Dieter Ammann (1962) ha sido este año el agraciado compositor residente (¿Cuándo aparecerá este imprescindible cargo en los festivales de Santander, Granada, San Sebastián, Canarias…?), Pierre Boulez, como los últimos años, ha coordinado y dirigido la Orquesta de la Academia, decenas y decenas de jóvenes intérpretes han escuchado los consejos del octogenario maestro para alcanzar un nivel óptimo en la interpretación de la música de nuestros días, miles de personas han escuchado las nuevas tendencias imaginadas por Michael Jarrell, Avner Dorman, Brice Pauset, Michael Obst, Rebecca Saunders, Gérard Pesson o Philippe Fénelon entre otros, y un séquito de periodistas hemos asistido y nos hemos rendido, una y otra vez, al ideal en cuanto organización y concepto.
El KKL (Kultur und Kongresszentrum Luzern), extraordinario edificio diseñado por el arquitecto Jean Nouvel y acondicionado acústicamente por el desaparecido Russell Johnson, es, sin querer exagerar, el mejor auditorio del planeta, y esto es algo muy significativo para una ciudad de tan sólo 75.000 habitantes en la que cada uno de ellos, muestra sin reparo alguno, un respeto absoluto al acto de la creación musical.
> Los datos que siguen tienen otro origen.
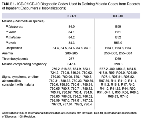 The surveillance period for this report was January 1, 2013 through December 31, 2022. The surveillance population included Army, Navy, Air Force, and Marine Corps active and reserve component members of the U.S. Armed Forces. The records of the Defense Medical Surveillance System were searched for qualifying evidence of malaria diagnoses from reportable medical events, hospitalizations or outpatient encounters (in military and non-military facilities), and laboratory results generated at military facilities. The case definition criteria included 1) an RME record of confirmed malaria, 2) a hospitalization record with a primary diagnosis of malaria, 3) a hospitalization record with a nonprimary diagnosis of malaria due to a specific Plasmodium species, 4) a hospitalization record with a nonprimary diagnosis of malaria and diagnosis of anemia, thrombocytopenia and related conditions, or malaria complicating pregnancy in any diagnostic position, 5) a hospitalization record with a nonprimary diagnosis of malaria plus diagnoses of signs or symptoms consistent with malaria in each diagnostic position antecedent to malaria,11 or 6) a positive malaria antigen test plus an outpatient record with a diagnosis of malaria in any diagnostic position within 30 days of the specimen collection date. The relevant International Classification of Diseases, 9th and 10th Revision (ICD-9 and ICD-10, respectively) codes used to identify cases are shown in Table 1.

Por cierto, se me olvidaba, Claudio Abbado dirigió la Novena de Mahler. Cuando terminó la obra el público se mantuvo en silencio absoluto durante tres minutos. Luego aplaudieron durante quince. Fue una experiencia mágica, única, reveladora, mística, incluso iniciática. El año que viene más, pero no mejor. Es imposible superar la perfección.